4
votes

I've never dealt with a binary file with multiple data types in python. I was hoping I could get some direction. The binary file contains the following data types:

String
Byte
UInt8 -Size in bytes: 1- 8-bit unsigned integer.
UInt16 -Size in bytes: 2- Little-endian encoded 16 bit unsigned integer.
UInt32 -Size in bytes: 4- Little-endian encoded 32 bit unsigned integer.
UInt64 -Size in bytes: 8- Little-endian encoded 64 bit unsigned integer.

What I've been unsuccesful in doing is decoding my data properly. The data contains a common message format that serves as wrapper to deliver one or more higher level messages. I've provided below the field names contained in this wrapper.

Within this message I can have:
Length- Offset 0 - Size 2 - Type UInt16
Message Count - Offset 2 - Size 1- Type UInt8
ID - offset 3 - Size 1 - Type Byte
Sequence - offset 4 - Size 4 - Type UInt32
Payload- offset 8

Where the length specifies the length of the common message, the message count tells of how many higher level message will begin in the Payload.

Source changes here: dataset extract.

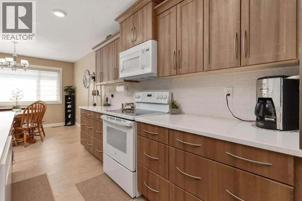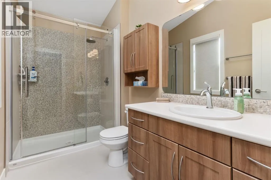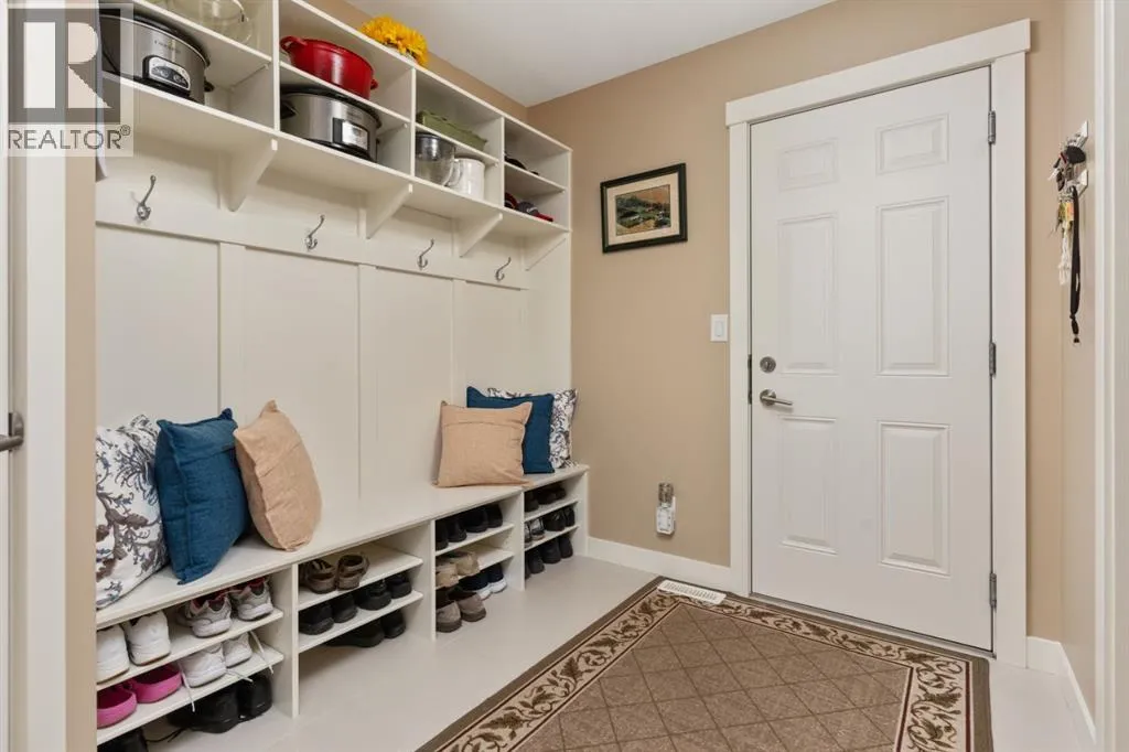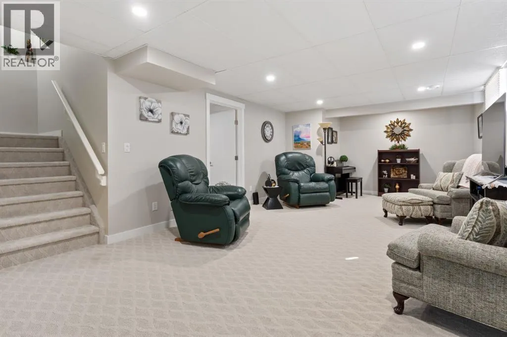 setting where family life truly thrives.Thoughtfully designed for modern living, the home welcomes you with a spacious front entry, while the oversized rear mudroom off the triple attached heated garage is tailored for busy households, complete with built-in cubbies, hooks, and ample storage. The garage itself is a standout, featuring floor drains and generous space for vehicles, hobbies, and more. Outside, the expansive 19×60 RV pad with power offers incredible flexibility, whether for recreational storage or future possibilities like a sport court.Inside, every detail has been carefully considered. Evening ambiance is elevated with both pot lighting and gemstone lighting, creating the perfect setting for entertaining or quiet family nights. Stay comfortable year-round with central A/C throughout. The walk-through pantry seamlessly connects the mudroom to the kitchen, enhancing both flow and function, while a convenient 2-piece powder room completes the main level.At the heart of the home, the bright and open living space is designed to gather and impress. The kitchen showcases a stunning oversized quartz island and abundant workspace, opening into a dining area framed by large windows overlooking the backyard. The inviting living room is filled with natural light, and just off the dining space, a covered composite deck offers an ideal outdoor retreat for relaxing or hosting.Upstairs, you’ll find three well-appointed bedrooms, including a serene primary suite featuring a walk-in closet and a spa-inspired 3-piece ensuite with heated floors and a tiled walk-in shower. A full 4- piece bathroom and convenient upper-level laundry room add everyday ease.The fully finished basement extends your living space with a spacious recreation room, a versatile bedroom or office (no closet), a 3-piece bathroom, and excellent storage options.With its high-end finishes, thoughtful layout, and unbeatable location near the new high school, this Valleyview West home delivers an elevated family lifestyle in one of Camrose’s most desirable neighborhoods. (id:64429)
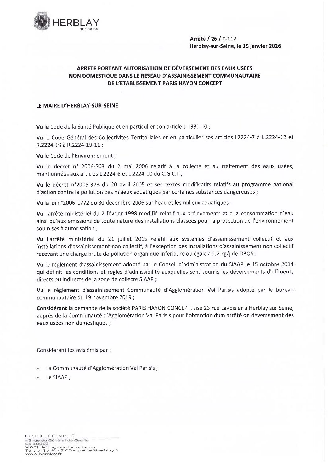 Arrêté portant autorisation de déversement des eaux usées non domestique dans le réseau d’assainissement communautaire de l’établissement PARIS HAYON CONCEPT

The higher level message begins in Payload with the following characteristics

Message Length - 0 - Size 1 - Type UInt8
Message Type - offset 1 - Size 1 - type Byte

Once I'm able to figure out what the Message Types are in each higher level message the rest is trivial. I've been trying to create a class BinaryReader to do this for me and I haven't been able to be succesful use struct.unpack.

EDIT: This is an example of the common message
('7x\xecM\x00\x00\x00\x00\x15.\x90\xf1\xc64CIDM')
and the higher level message inside it
('C\x01dC\x02H\x00\x15.\xe8\xf3\xc64CIEN')

2
Specifically what problems do you have with struct.unpack(). Start with the simplest failing case you can come up with, showing exactly what you did, what you wanted, and what you got.Tim Peters
Well I've added the two examples I'm working with if that helps.FancyDolphin
It's a start. Now what did you try, what did you want from it, and what did you get? For example, struct.unpack("<H", '7x\xecM\x00\x00\x00\x00\x15.\x90\xf1\xc64CIDM'[:2]) returns 30775. Is that, or is that not, what you want for the "length" field? It is the proper result for interpreting '7x' as a little-endian 16-bit unsigned int.Tim Peters
Sorry, I don't understand you. What - exactly - did you expect to return 2533? Show executable code, like I showed you. There is no way '7x' can be interpreted as 2533 as any kind of integer (regardless of endian-ness or byte size or signed vs unsigned). For your second example, again show code. Don't try to describe what you did - it's not working for you ;-) As to your last example, why do you imagine the string is UTF-8 encoded to begin with? As to what happened when you "try struct.unpack", show code. Can't guess what "try" means.Tim Peters
OK, try reading the struct docs first - passing "=" as a code means "unpack no data". It doesn't make sense. Since you told it your string has no data in it, it complains because you passed a non-empty string. struct.unpack('=', '') would return an empty tuple, with is correct. In binary data, \n is just another character. Binary data has no "line ends". It's a stream of bytes. To unpack a byte, use code b for a signed byte or B or unsigned. struct.unpack('B', '\x01') returns (1,) (a tuple containing the integer 1), which is correct. Try simple things first?Tim Peters

2 Answers

3
votes

Construct is a great library for parsing binary data.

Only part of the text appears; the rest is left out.